> To do:
With the pictures removed, write out the full listing below exactly.

> Source data:
■ ■ ■ ■
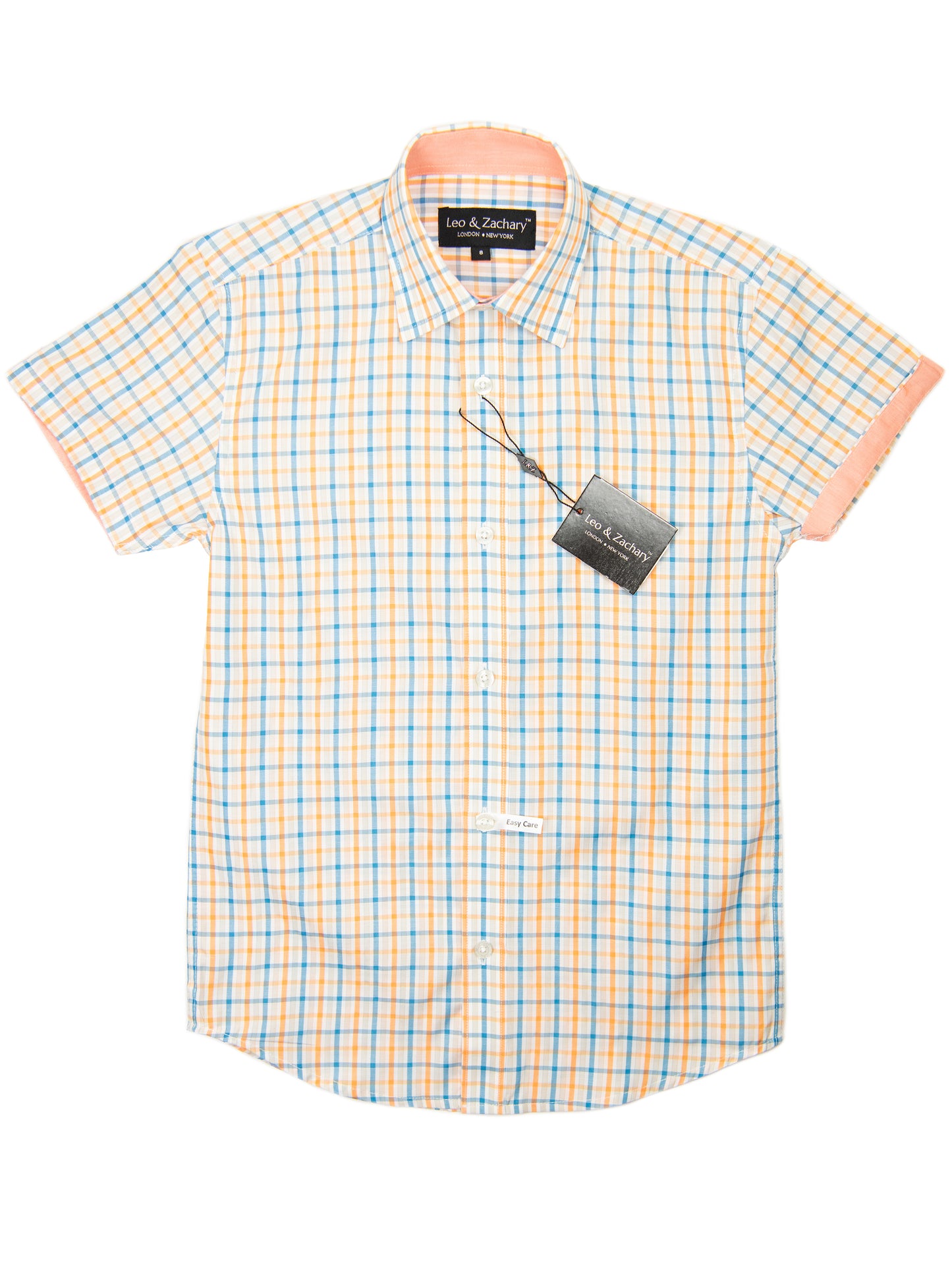 Leo & Zachary 28915 Boy's Short Sleeve Sport Shirt-Orange/Blue-Plaid
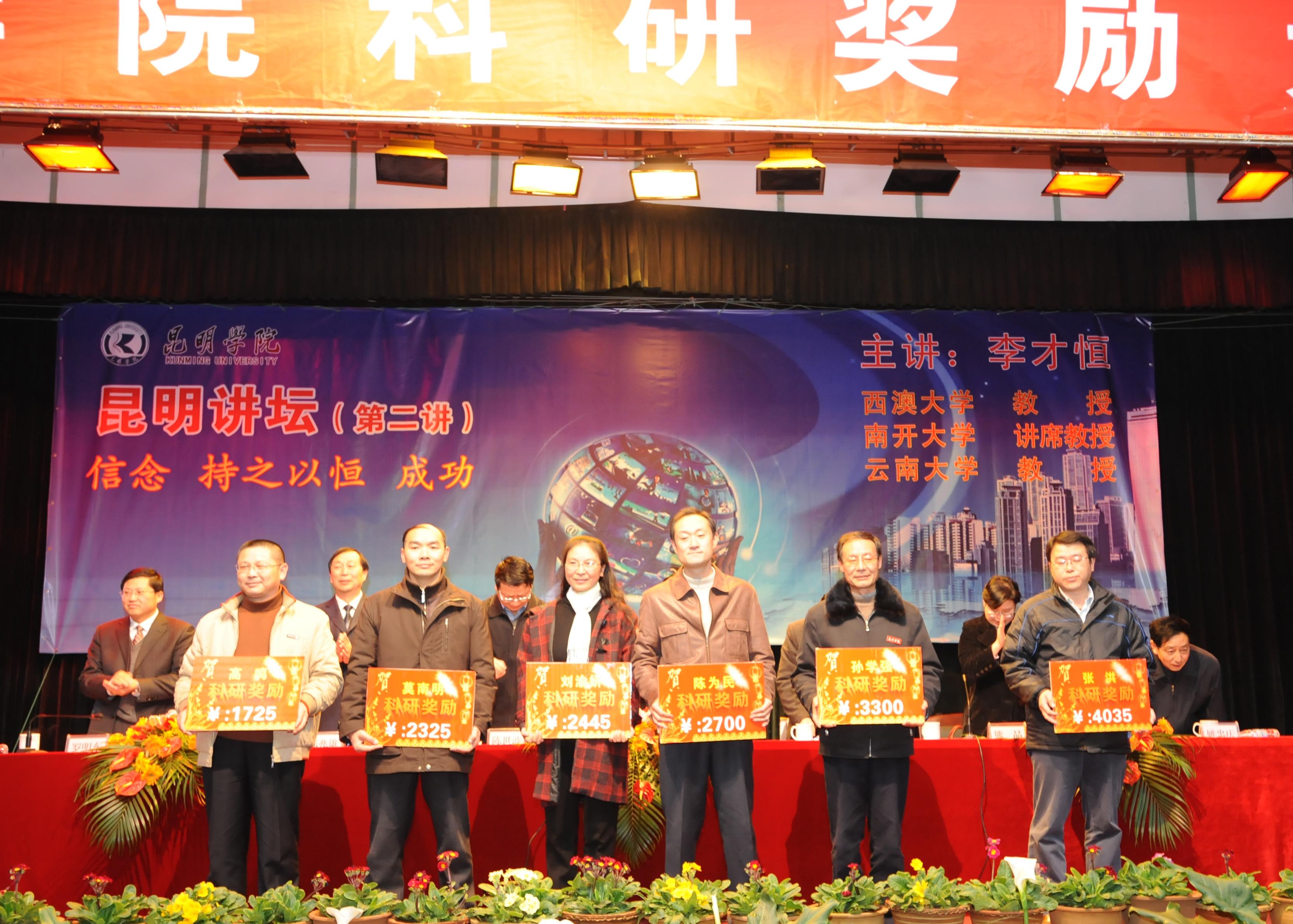 会后,昆明讲坛第二讲开讲。此次讲坛邀请到西澳大学教授、南开大学讲席教授、云南大学教授李才恒先生作了主题为“信念 持之以恒 成功”的报告。李才恒先生深入浅出讲述了自己的研究体会、成功经验,对广大教职工如何进行科研、如何处理科研与教学的关系等启发很大。
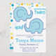 Convite para Chá de fraldas Twin Elephant (rapazes)
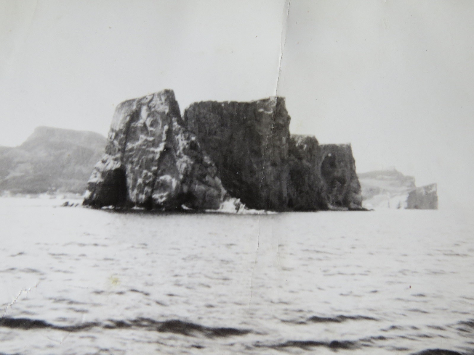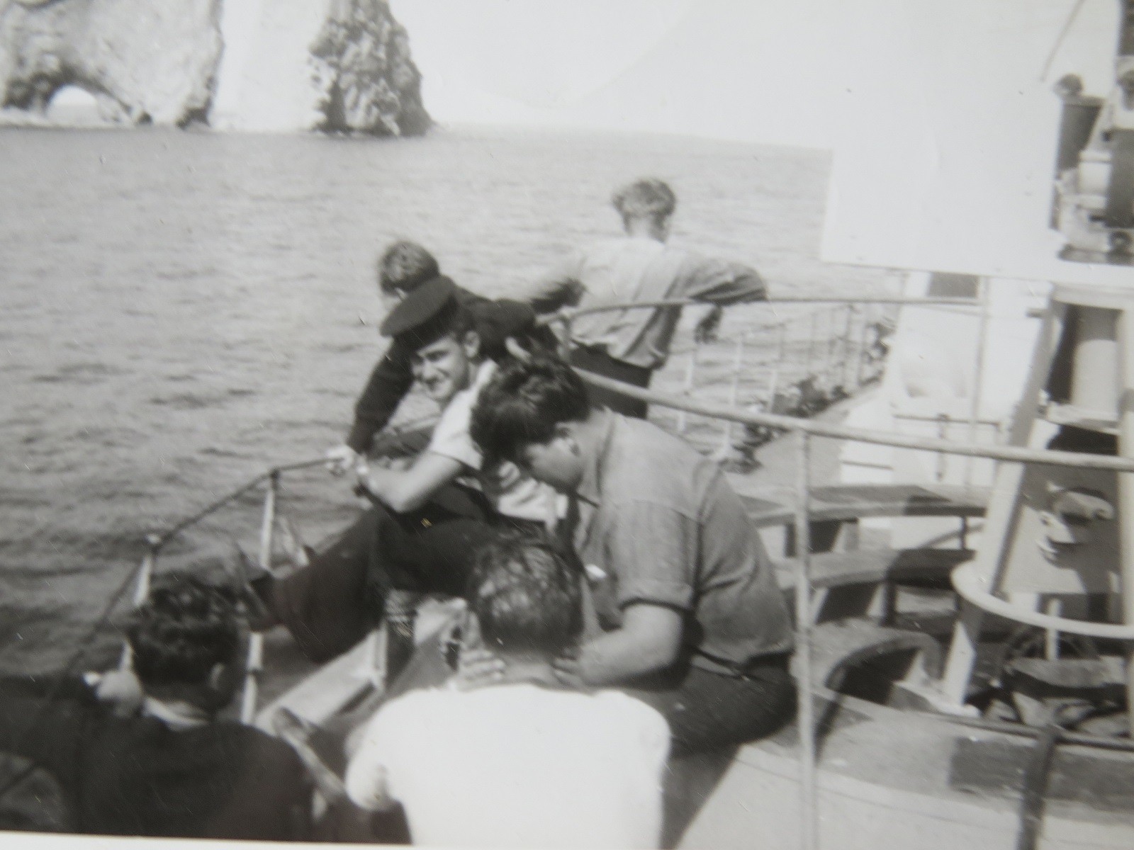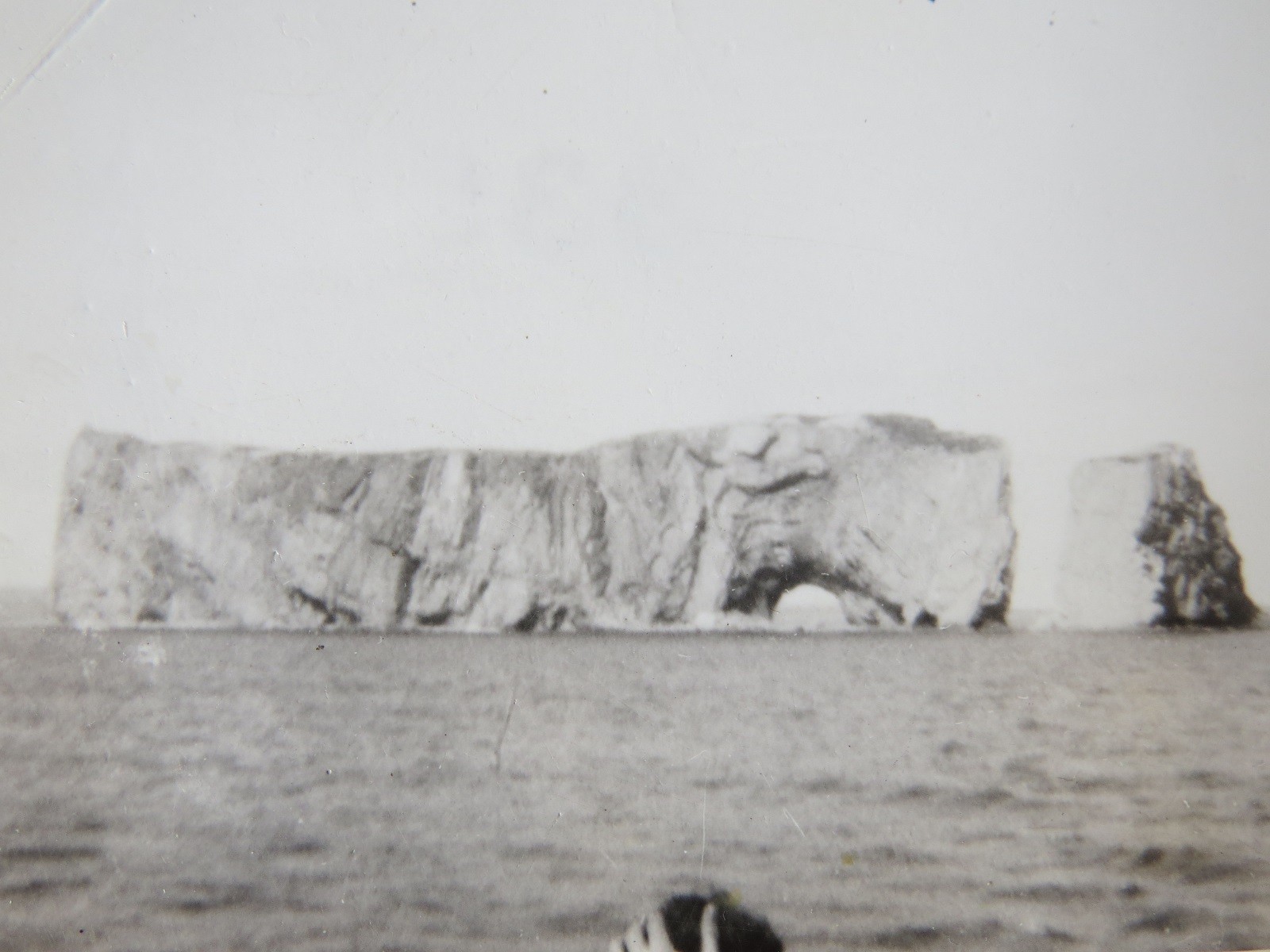 Percé Rock off the tip of the Gaspé Peninsula, Gulf of St. Lawrence (GES015) Fairmiles approaching Percé Rock, ML Q085 in the lead (GES016) Sailors on unknown Fairmile with Percé Rock in the background (GES017) Percé Rock
■ ■ ■ ■
> Your solution:
 Leo & Zachary 28915 Boy's Short Sleeve Sport Shirt-Orange/Blue-Plaid
 会后,昆明讲坛第二讲开讲。此次讲坛邀请到西澳大学教授、南开大学讲席教授、云南大学教授李才恒先生作了主题为“信念 持之以恒 成功”的报告。李才恒先生深入浅出讲述了自己的研究体会、成功经验,对广大教职工如何进行科研、如何处理科研与教学的关系等启发很大。
 Convite para Chá de fraldas Twin Elephant (rapazes)
 Percé Rock off the tip of the Gaspé Peninsula, Gulf of St. Lawrence (GES015) Fairmiles approaching Percé Rock, ML Q085 in the lead (GES016) Sailors on unknown Fairmile with Percé Rock in the background (GES017) Percé Rock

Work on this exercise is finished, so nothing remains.